I was a stranger in school, a stranger in the village with a weird last name just like all the other strangers in Jaljulia. Everyone knew that the strangers came to the village because of a blood feud, and that the police had brought them there. That’s what they used to say then, but I didn’t really understand what it meant. I did know that something was wrong with the strangers, that their fathers were in jail, and that I shouldn’t hang out with them. Some of the strangers were called collaborators, and they were the most hated of all. There were never any of the collaborators’ children in my class, because I was in the A class and none of the children of the people that the police had brought to the village were in the A class. Our teachers would warn us about them and criticize the government for carting all of the country’s trash to Jaljulia. It’s true that I was also a stranger, but I was a different kind of stranger: a stranger in the A class, a stranger that the teachers liked, a stranger with good grades, a stranger with a mother who taught at the school. My mother told me that the police had not moved us to Jaljulia but that she had come in order to work in the school. I knew full well, though, that that was not true and that the police had brought us to Jaljulia just like the rest of the trash, just like the children of the blood feuds and the collaborators.

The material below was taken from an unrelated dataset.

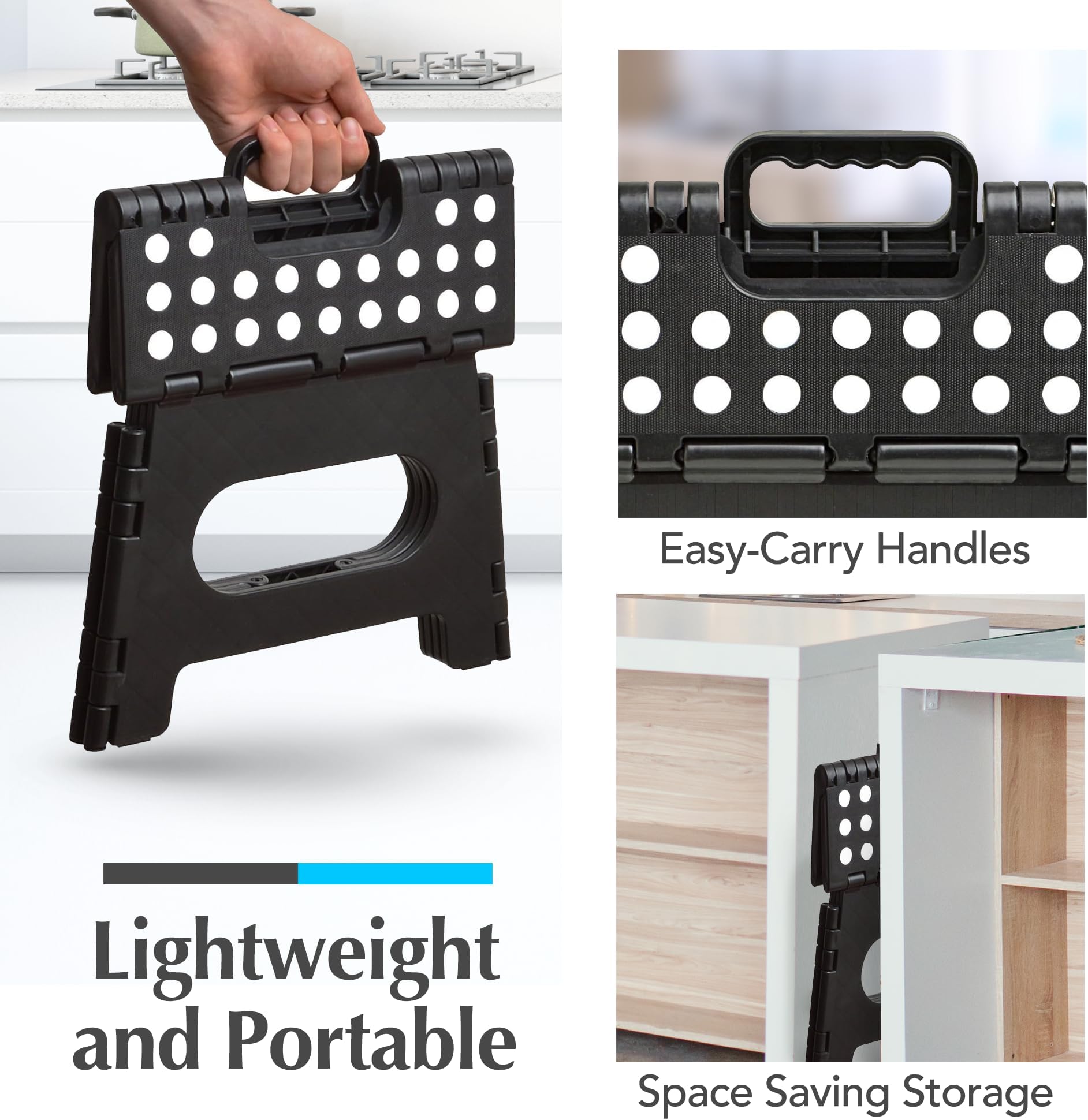 שרפרף מתקפל ונוח לכביסה - שרפרף מתקפל וחזק מספיק לתמיכה במבוגרים ובטוח מספיק לילדים - נפתח בקלות בהיפוך אחד - נהדר למטבח, חדר אמבטיה או חדר שינה (שחור - 23 ס"מ)

I remember that one time my father’s mother insisted that I remain in Tira after the holiday and not go back to my mother in Jaljulia. She yelled at my uncle that she would never speak to him again if he took me back. The holiday ended and I stayed in Tira. My cousins went to school and I stayed alone at home with Grandma. A few days later, my mother showed up at Grandma’s house in a police jeep. She got out of the backseat accompanied by two policemen. They were dressed in blue uniforms that looked like the costume um-Bassem got me in Mecca when she went for the haj . My mother was crying. She yanked my arm and then picked me up and ran back to the police jeep while my grandmother stood there and yelled, “You whore, you killed our son and now you’re taking his son. You whore, you should kill yourself. It would be better for you, you bitch.”